More than half of citation-eligible offenses in 2018 involved possession of marijuana under two ounces and driving with an invalid license.
In September, Hays County released data showing SMPD’s use of arrests for citation-eligible offenses in 2018. The data showed that 72 eligible cases involved a black individual and all of them resulted in an arrest—a detail that was vehemently challenged by activist organizations and local residents.
Winkenwerder said the increase in citations given in 2019 for possession of marijuana is both the result of communicating with sergeants and the changing of public opinion on the drug’s legalization.
“The citation increase was the direct result of us meeting with sergeants and getting their people on board to start giving more (citations),” Winkenwerder said. “A lot of that was in relation to possession of marijuana because the driving message seems to be that everyone is hearing in the media that (people) want it legalized. I think a lot of their opinions are that it’s not that big of a deal.”

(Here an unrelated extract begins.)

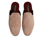 Dolce & Gabbana Beige Capra Suede Slides Flat Slipper Shoes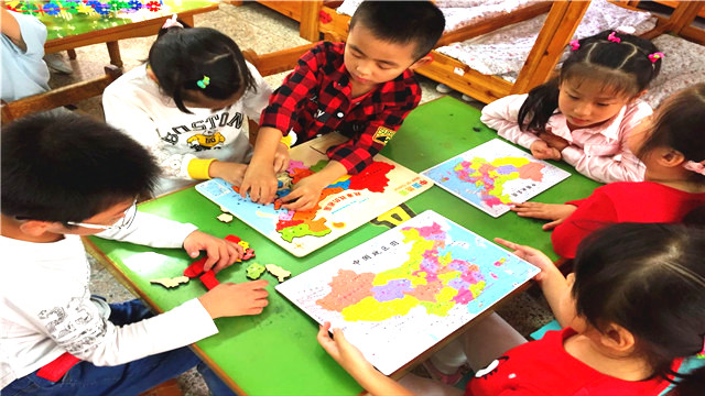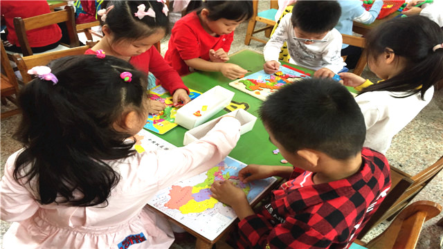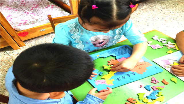 大班的孩子很喜欢拼图,对各种拼图有着浓厚的兴趣,在拼图中孩子们创造性思维和想象力得到很大的发展。近日,常州市清凉新村幼儿园大一班的孩子们为了迎接祖国妈妈生日的到来,开展了“一起拼中国”的拼地图活动。

Mano Amiga co-founder Jordan Buckley said despite the newly released data there is still a need for improvement, citing SMPD chose to arrest for the majority of cases where cite-and-release was an option.

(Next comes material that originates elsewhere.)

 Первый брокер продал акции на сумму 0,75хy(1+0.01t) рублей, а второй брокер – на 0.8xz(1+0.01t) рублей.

“Assuming (SMPD’s) figures are accurate—which an ordinance ensuring data transparency would enable in the future—by SMPD’s own calculations, they arrested Hays County residents 77% of the time for citation-eligible offenses in 2019,” Buckley said. “It’s clear San Marcos officers direly need guidance from (city council) on how to use their discretion.”
According to the draft ordinance, a subject would not be eligible for cite-and-release if they can not provide satisfactory personal identification, is not a resident of Hays County, there is a reason to believe the safety of persons—including the subject—would be endangered by the release of the subject or the subject demands to be taken before the magistrate.
Additionally, if a subject has an outstanding arrest warrant or is suspected of committing an offense that is not protected under cite-and-release they would also not be eligible.
According to Winkenwerder, if a person is caught with more than one type of drug under current law they are not eligible for cite-and-release; however, a person can have more than one class C misdemeanor and still be eligible.
A resident of Hays County is defined as anyone having a Hays County address. According to Winkenwerder, that includes all Texas State students even if their permanent address is not in Hays County.
If passed, the ordinance would also require the city manager to make public a quarterly report of every instance SMPD makes an arrest for a citation-eligible offense.
The ordinance has received over 500 petition signatures and is supported by groups like MOVE Texas, Texas Rising, Latinas Unidas, RFK Young Leaders, Black Women United and Texas State’s NAACP chapter.
Mano Amiga Policy Director Eric Martinez said outlining to officers when it is appropriate to make an arrest will bring in noticeable results.
“While we’re encouraged to see the committee resolve to bring the ordinance for discussion at council, it’s imperative to realize the importance of guiding officer discretion via disqualifying circumstances in order to see the largest impact,” Martinez said.
An education forum on the cite-and-release ordinance will be held by Mano Amiga Feb. 16 at the Hispanic Culture Center of San Marcos at 5 p.m.
San Marcos City Council meets every first and third Tuesday of each month at 6 p.m. The agenda can be accessed through the Agenda Center on the City of San Marcos website.